Ruhestand genießen und "das Leben schön machen"
SWR Aktuell: Werden Sie weiterhin beratend tätig sein oder ziehen Sie sich ganz zurück?
Michels: Nein, ich höre auf. Natürlich, meine Handynummer wird sich nicht ändern. Wenn irgendjemand mal eine Frage hat, werde ich mich nicht verwehren. Aber ich glaube, es ist nicht nötig. Sabine Becker ist eine fachlich hervorragende Kollegin, sehr kompetent, sehr kommunikativ. Sie ist gut vernetzt und sie wird das hervorragend machen.
SWR Aktuell: Worauf freuen Sie sich im Ruhestand am meisten?
Michels: Ehrlich gesagt auf die Zeit mit meiner Frau.
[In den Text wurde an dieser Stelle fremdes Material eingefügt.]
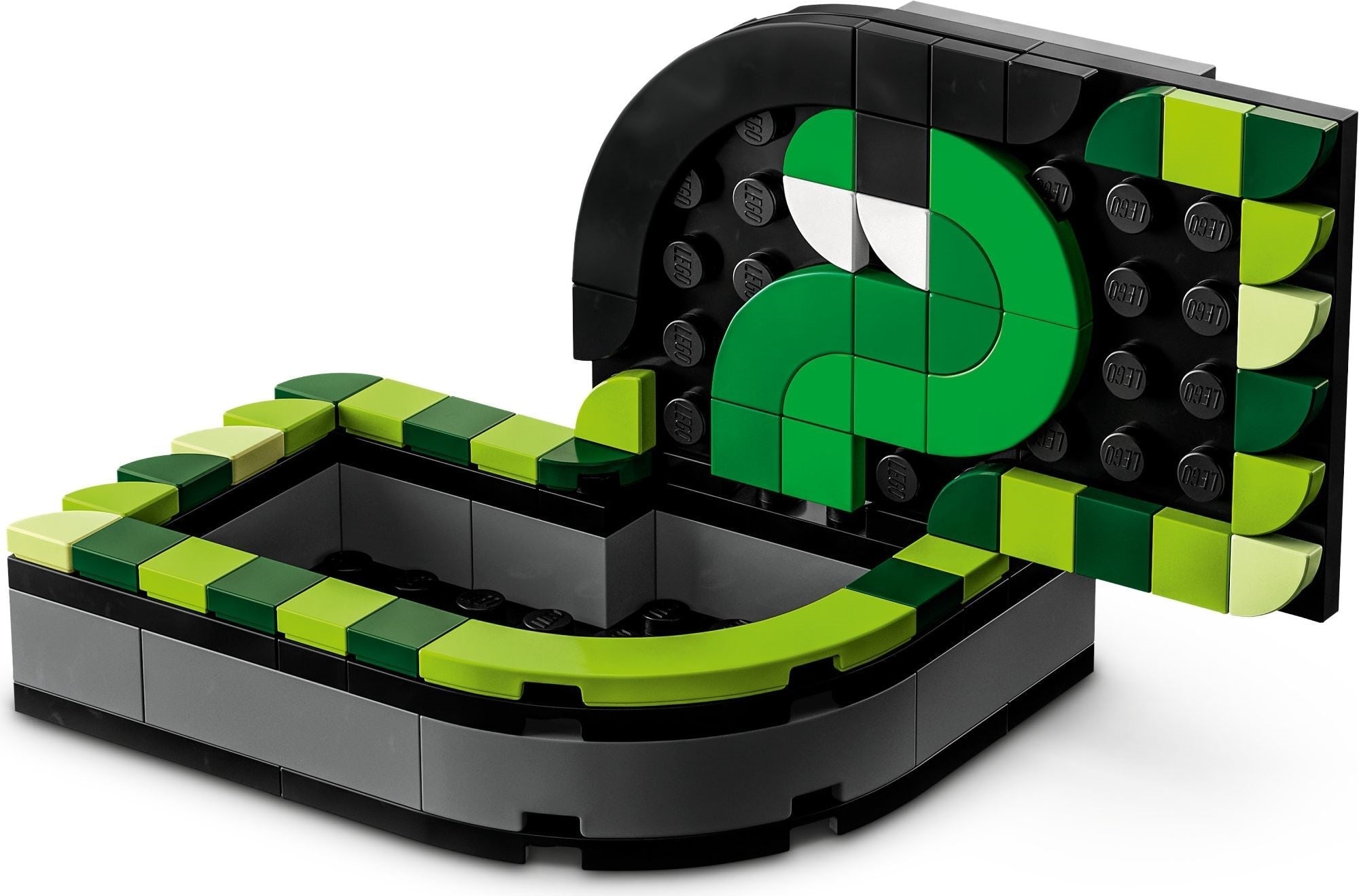 Magical LEGO DOTS desk setThis imaginative DIY kit features 4 different room decor items: a Golden SnitchTM note holder, a picture frame with decorative add-ons, a scarf-shaped tray, and a lockable secret box, plus an 8x8 adhesive patch and plenty of tiles, including 10 out of a possible 16 randomly decorated tiles. There’s also inspiration included to help spark kids’ creative fun, plus guidance for assembling the 4 items.

Sie ist über die ganzen Jahre viel zu kurz gekommen. Und wir werden uns das Leben noch schön machen. Das habe ich ihr versprochen. Das mache ich und dazu stehe ich auch.
SWR Aktuell: Rückblickend auf die letzten 30 Jahre: Ein Gesundheitsamt zu leiten ist kein Spaziergang?
Michels: Nein, es gibt immer was zu tun, was in der Öffentlichkeit oder auch sonst vielleicht nicht so bekannt ist. Das Gesundheitsamt ist meistens mitten drin dabei. Bei allen Belangen der Bevölkerung ist das Gesundheitsamt gefragt, ob es jetzt um Hitze geht, ob es um Umwelteinflüsse geht, aus der Luft, aus dem Wasser. Wenn Fragen rund um unser Trinkwasser aufkommen oder die Qualität von Badeseen. Das Gesundheitsamt ist immer dabei.